In July 2019, the Center for Academic Innovation’s Teach-Out Team partnered with John Pasquale, DMA, Donald R. Shepherd Associate Professor of Conducting and Director of the Michigan Marching and Athletic Bands, and Malinda Matney, PhD, Director of Assessment for the Center for Research on Learning and Teaching and adviser for Kappa Kappa Psi, the national honorary band fraternity, to create the “Arts and Technology Teach-Out.” Hosted on Instagram throughout the month of July 2019, this Teach-Out was a unique experiment for the evolving Teach-Out model. The following are perspectives on the design, production, promotion, and engagement process behind this Teach-Out from four collaborators at the Center for Academic Innovation.

Benjamin Morse, Design Manager

Three professors in a lab sitting at a table
John Pasquale and Malinda Matney sit down with Aaron Dworkin, Professor of Arts Leadership and Entrepreneurship, during the Arts and Technology Teach-Out.

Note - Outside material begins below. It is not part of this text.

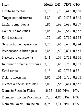 En consonancia con lo anterior, y a pesar de haber obtenido buen ajuste en el AFC, la validez de constructo es limitada, puesto que en el modelo con mejor ajuste (tres factores modificado) se debieron eliminar 2 ítems: ¿Limitó la clase o cantidad de alimentos debido a problemas con sus dientes o prótesis dentales? y ¿Sus dientes o prótesis dentales le impidieron hablar del modo en que usted quería?, lo cual afectó la capacidad de medición (captura de información) del instrumento 37. Además, el ítem ¿Se sintió satisfecho o contento con la apariencia de sus dientes, encías o prótesis dentales?, incluido en el dominio función, no representa adecuadamente el contenido de ese factor y podría sugerirse estar en el psicosocial.

We launched the Teach-Out on Instagram in a first-of-its-kind experiment using social media to facilitate and host an online learning experience. As part of this experiment, we hoped to break out of the traditional learning management systems (LMS), such as Coursera or edX, to explore ways different types of learners interact with our Teach-Out content within a social media platform. We looked for ways to connect with broad communities of artists, educators, technologists, and others; and Instagram emerged as a digital space in which many of these people were already engaging with one another. 

Reflecting on the experience, Malinda Matney said, “This was a great chance to bring together threads from the varied elements of my professional life to share with others. Having this space to share these passions, and being able to do so with great thought partners, was invigorating.”

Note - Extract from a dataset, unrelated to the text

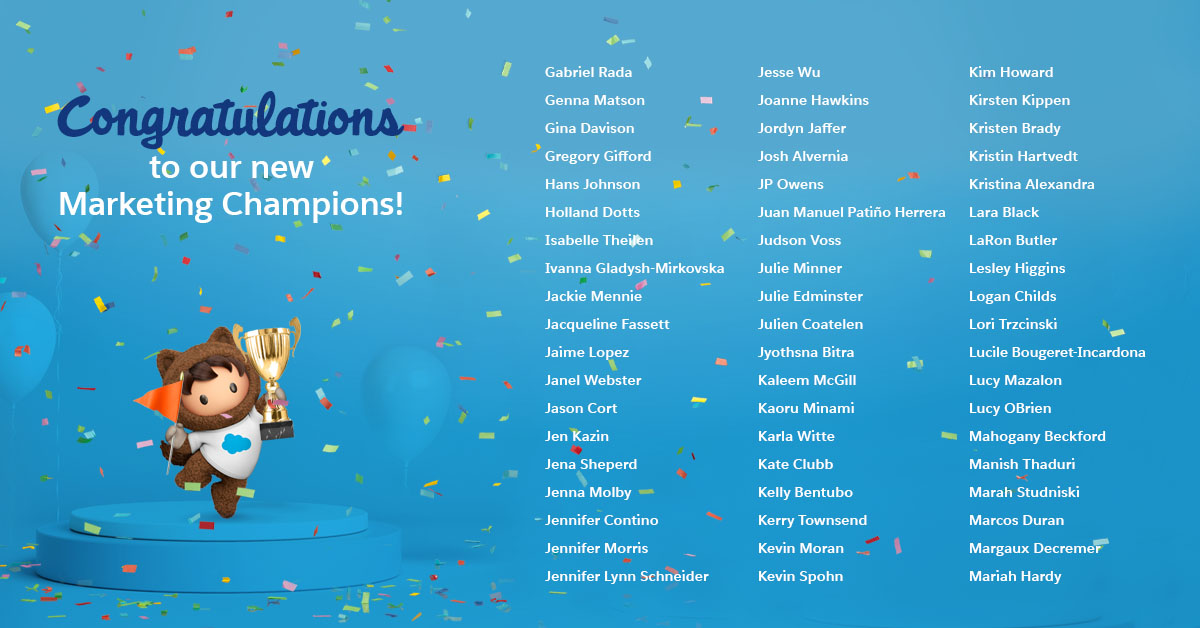 *drum roll, please* 🥁 We're thrilled to announce our 2020 #MarketingChampions! We look forward to seeing how your passion and expertise will transform the marketing community. 🏆: http://sforce.co/champs  pic.twitter.com/uixCt6qXom

Similarly, John Pasquale said, “I really enjoyed the convergence of content and presentation to create a unique learning experience. It was fascinating to integrate a comfortable setting (the content) with a new and uncomfortable one (Instagram). While opinions varied within the scope of the project, the presentation was delivered in a meaningful way and reached a demographic not typically associated with the Teach-Out.”

Eleanor Daftuar, Senior Media Designer

Instagram relies heavily on imagery to drive various content feeds. Our production team created a visual patchwork of perspectives, enhanced by many exciting locations across campus. To the best of our abilities, we recorded each conversation in a setting that was meaningful to the interviewee, or related to their work. This added comfort resulted in passionate storytelling across 18 video interviews.

Instructor instagram story arts and technology teachout starting july 1, auditorium in background
Malinda Matney using an Instagram story to promote the Arts and Technology Teach-Out.

The biggest challenge was editing videos to fit within Instagram’s constraints. Instagram’s main feed requires videos to be 60 seconds or fewer. “Stories,” which expire after 24 hours, can only be 15 seconds each. IGTV (Instagram TV) allows users to upload videos up to 10 minutes in length. IGTV was used sparingly to publish videos captured in real-time with mobile devices. We published Stories more frequently, using them to promote online activities and release content that did not fit within the major themes of the Teach-Out.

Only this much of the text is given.